After preprocessing comes the analysis, where you use various techniques to derive insights from data. A few of them are

Data Mining: Understanding the patterns in the data sets and deriving insights.
Predictive Analysis: Predicting future outcomes based on past data
Deep Learning: Using neural networks to solve a problem
Text Analysis: Deriving meaning out of large amounts of text using
Statistical Methods: Using statistical methods to analyze data

Data Mining

The process tries to find relationships, patterns, and trends in a data set to derive meaningful conclusions. A popular data mining method is classification, where you classify data into categories.

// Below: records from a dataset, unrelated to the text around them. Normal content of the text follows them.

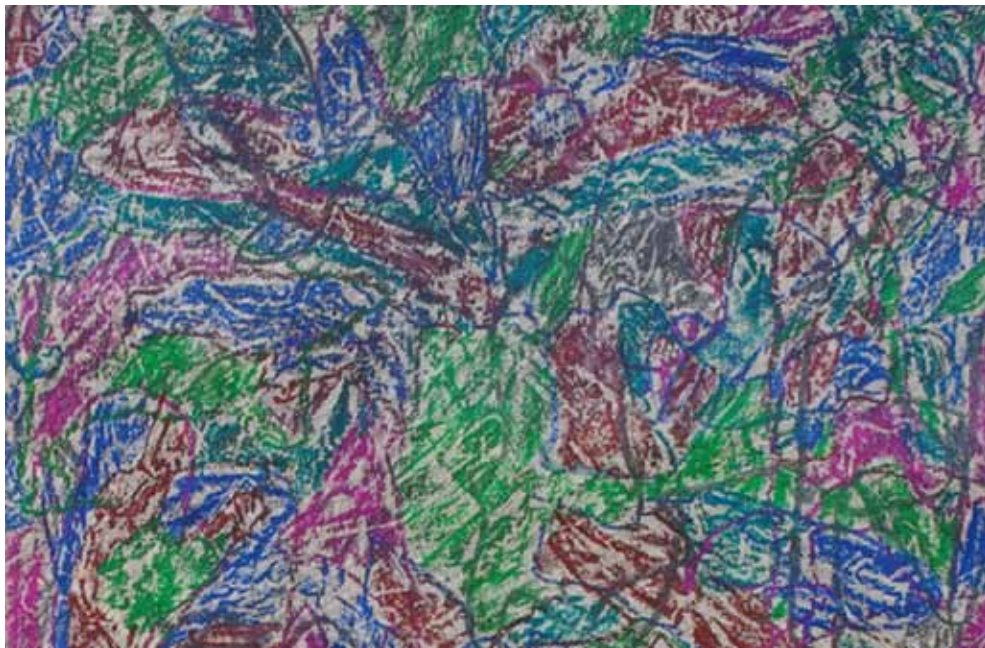
NATUR #59. (DETALLE)
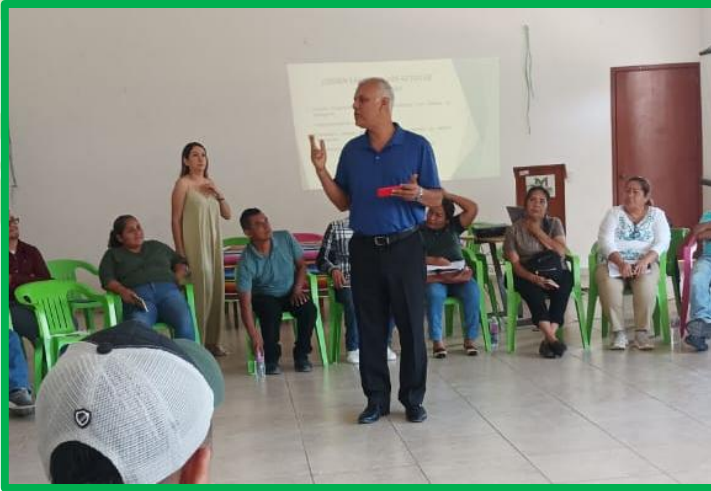
CURSOS DE CAPACITACIÓN Y ADIESTRAMIENTO.
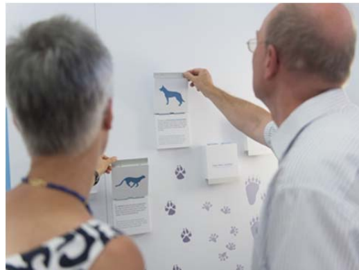
Wer ist hier vorbeigelaufen? Jede Art hat ihren unverwechselbaren Fußabdruck, der an den jeweiligen Lebensraum angepasst ist.
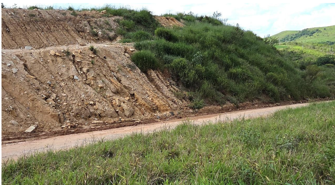
Figura 15: Bota-fora recuperado em setor recoberto com solo fértil. Em 15.12.25 A.MULLER

Os locais dos bota-foras foram escolhidos considerando a não geração de efeitos ambientais negativos. Preferiu-se, assim, os locais que serão inundados pelo reservatório. O primeiro – e único – estabelecido fora da área de alagamento (figura 15) está em processo de regeneração, resultado da cobertura parcial feita com solos férteis retirados do local da obra da PCH Beira Rio.

For example, you can classify a person as someone who makes a specific purchase or someone who doesn’t based on their salary and age.

import pandas as pd
from sklearn.tree import DecisionTreeClassifier
from sklearn.model_selection import train_test_split
from sklearn.metrics import accuracy_score


# Create a DataFrame
data_classification = {
    'age': [22, 25, 47, 52, 46, 56, 55, 60, 62, 61, 30, 48, 33, 40, 28, 22, 25, 35, 29, 40],
    'salary': [25000, 30000, 52000, 110000, 95000, 105000, 92000, 130000, 100000, 98000, 40000, 65000, 48000, 85000, 31000, 27000, 29000, 47000, 32000, 60000],
    'purchased': [0, 0, 1, 1, 1, 1, 1, 1, 1, 1, 0, 1, 0, 1, 0, 0, 0, 0, 0, 1]  # 0 = No, 1 = Yes
}


df_classification = pd.DataFrame(data_classification)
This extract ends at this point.